5. The option was granted on January 1, 2023. 25% of the shares underlying the option vested on the one-year anniversary of the vesting start date, with the remaining shares vesting in equal monthly installments thereafter for three years, subject to the Reporting Person's continued service through each such date.
/s/ Louise Kooij by Power of Attorney from Douglas F. Kling 06/18/2025
** Signature of Reporting Person Date
Reminder: Report on a separate line for each class of securities beneficially owned directly or indirectly.
* If the form is filed by more than one reporting person, see Instruction 4 (b)(v).
** Intentional misstatements or omissions of facts constitute Federal Criminal Violations See 18 U.S.C. 1001 and 15 U.S.C. 78ff(a).
Note: File three copies of this Form, one of which must be manually signed.

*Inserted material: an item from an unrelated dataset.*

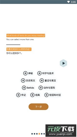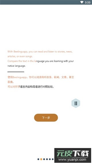 点击下一步,即可开始通过阅读或收听故事、新闻、文章及歌曲来学习,并对照母语理解内容;

If space is insufficient, see Instruction 6 for procedure.
Persons who respond to the collection of information contained in this form are not required to respond unless the form displays a currently valid OMB Number.

FAQ

How many NAMSW shares did COO Douglas Kling sell on June 16, 2025?

On June 16, 2025, COO Douglas Kling sold a total of 100,000 shares in two transactions: 81,891 shares at an average price of $19.19 and 18,109 shares at an average price of $19.75.

What was the exercise price of NAMSW stock options exercised by Douglas Kling?

Douglas Kling exercised two sets of stock options: 78,101 shares at an exercise price of $10.00 and 21,899 shares at an exercise price of $10.90.

How many NAMSW shares does Douglas Kling own after the June 16, 2025 transactions?

After the reported transactions, Douglas Kling directly owns 44,000 ordinary shares of NAMSW. He also holds 372,829 options at $10.00 and 261,314 options at $10.90.

Was Douglas Kling's NAMSW stock sale part of a 10b5-1 trading plan?

Yes, the filing explicitly states that the transactions were effected pursuant to a trading plan adopted by Douglas Kling in accordance with Rule 10b5-1 of the Securities Exchange Act of 1934.

What is the vesting schedule for Douglas Kling's NAMSW stock options?

The $10.00 options granted on November 22, 2022 vest monthly over 4 years (1/48th per month), starting December 22, 2022. The $10.90 options granted on January 1, 2023 vest 25% after one year, with the remainder vesting monthly over the following three years.